Cada artista interpreta a mesma música, a mesma melodia, com o seu estilo, influenciado
pelo momento histórico em que está inserido. Assim, não existe uma música em si, uma
versão definitiva. Também não existe uma interpretação que soe como a definitiva,
imutável daquela melodia. Educação, pesquisa e arte partilham a condição de, em sua
atualização, sempre guardarem um lugar para o novo.

Notas
1 Compreendemos a temática da inclusão e exclusão em relação aos direitos à educação, à
igualdade e à diferença.
2 O presente trabalho amplia pesquisa do tipo estado da arte sobre o tema escolarização de
alunos com TGD (Vasques, 2008; 2009). Nesse contexto, o recorte temporal 2000-2012
justifica-se pela estabilidade das bases de dados nacionais e possibilidade de acesso integral
aos documentos pesquisados.
3 No presente artigo, há uma impossibilidade de referendar todos os documentos que
compõem nosso acervo ou, ainda, as fontes documentais de nossa pesquisa.
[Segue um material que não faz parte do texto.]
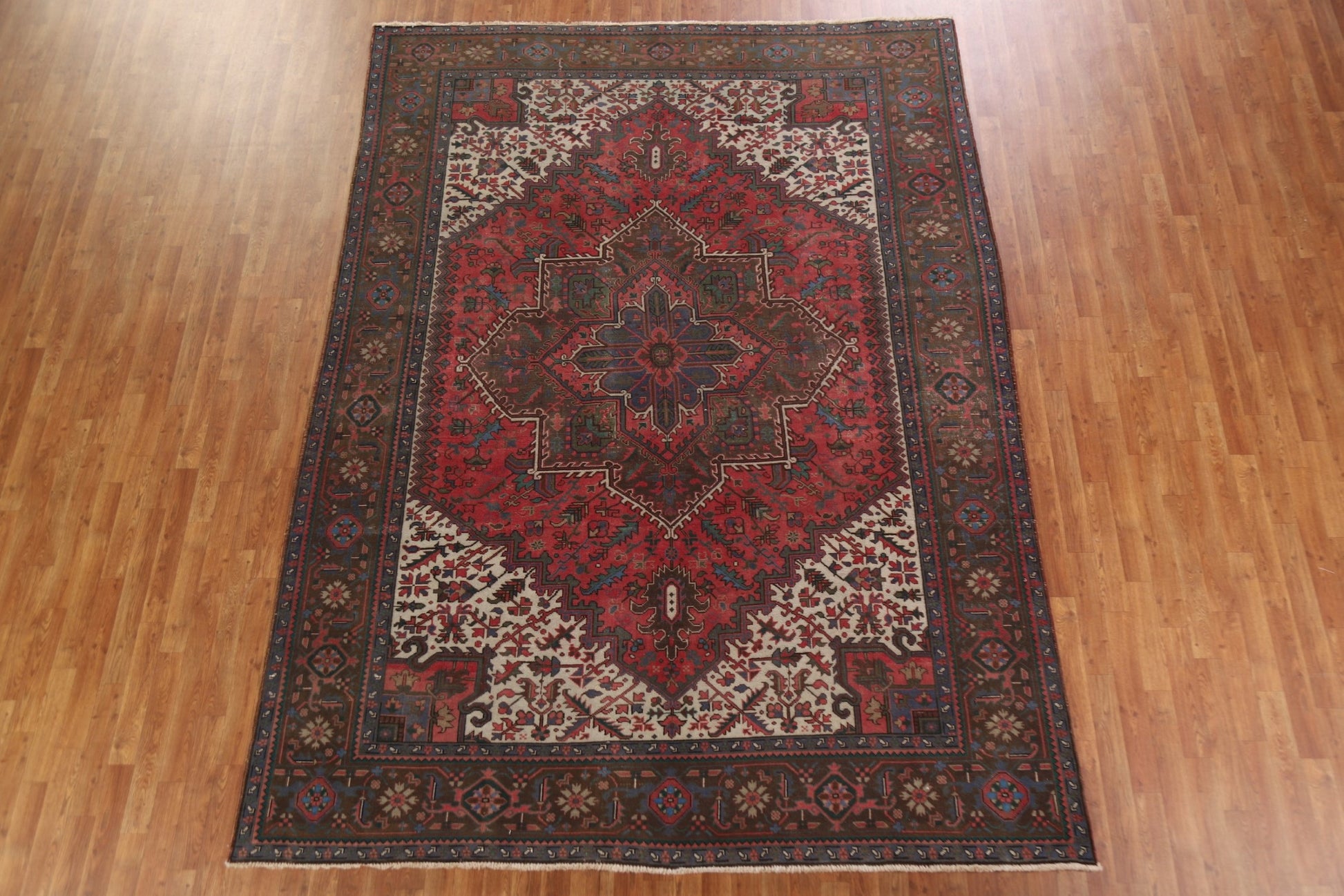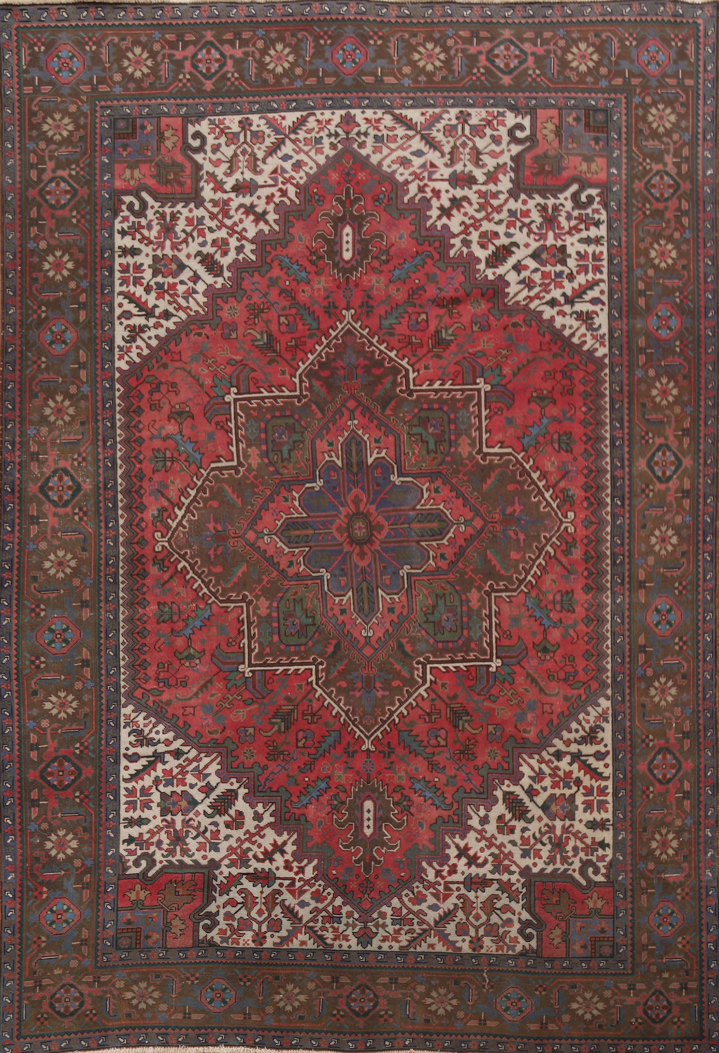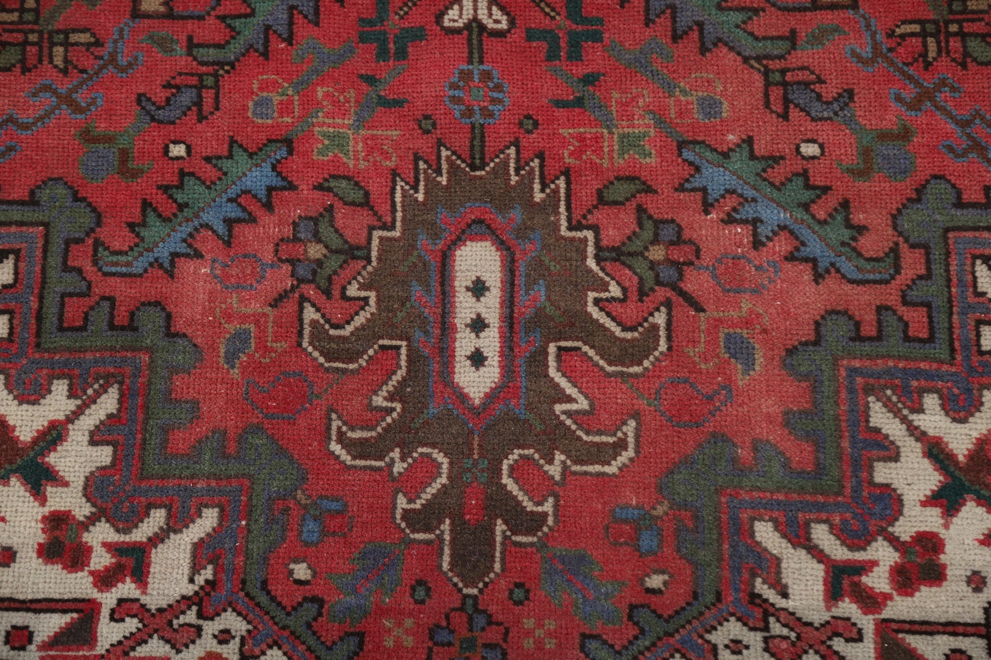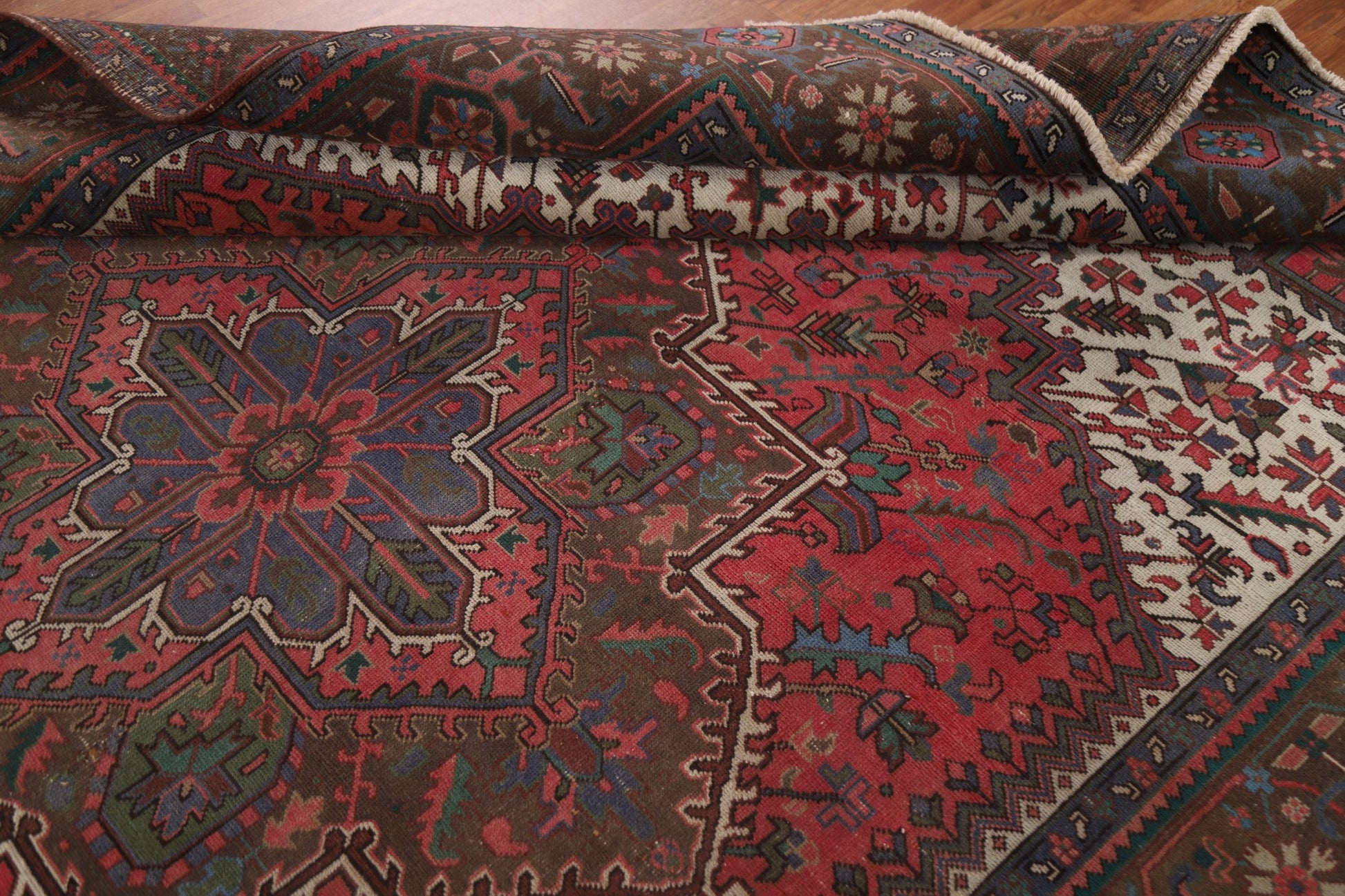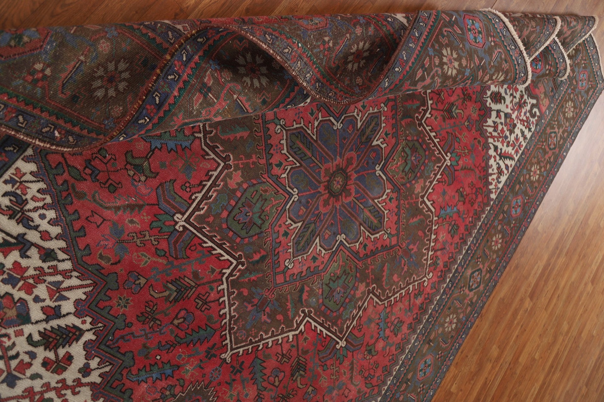 A Beautiful Genuine Persia ( Persia ) Heriz rug is Hand Knotted by skillful weavers in Persia ( Persia ) with 100% Wool Material. This rug is in Very Good ( Low Pile ) condition. dimensions are 11' 0'' X 8' 0'' in foot and 335 X 244 in centimeter. the primary color is Pink.

A intenção é
divulgar o banco de dados o mais brevemente possível.
4 Em estudo anterior, sobre a produção discente brasileira no período entre 1987 e 2006,
percebemos que as pesquisas tinham por foco principal o âmbito diagnóstico-clínico
(Vasques, 2008; 2009).
5 As seis categorias apresentam o tema principal discutido pelos autores e foram
contabilizadas uma única vez. As obras foram listadas em mais de um subtema.
6 O Método TEACCH é compreendido por alguns autores como uma das principais
abordagens educacionais e clínicas. Parte da premissa de que os autistas aprendem melhor
por visualização, apreciam rotinas e não são favoráveis a surpresas. Por isso, valoriza o
aprendizado estruturado, dá importância à rotina e à informação visual. Segundo essa
proposta, é necessário organizar e simplificar o ambiente, apresentando poucos estímulos
sensoriais concomitantes. Isso facilita focar a atenção nos detalhes relevantes. A criança é
avaliada individualmente. O objetivo básico é aumentar o funcionamento independente. O
Currículo Natural Funcional (CNF) e o Programa de Ensino Individualizado (PEI)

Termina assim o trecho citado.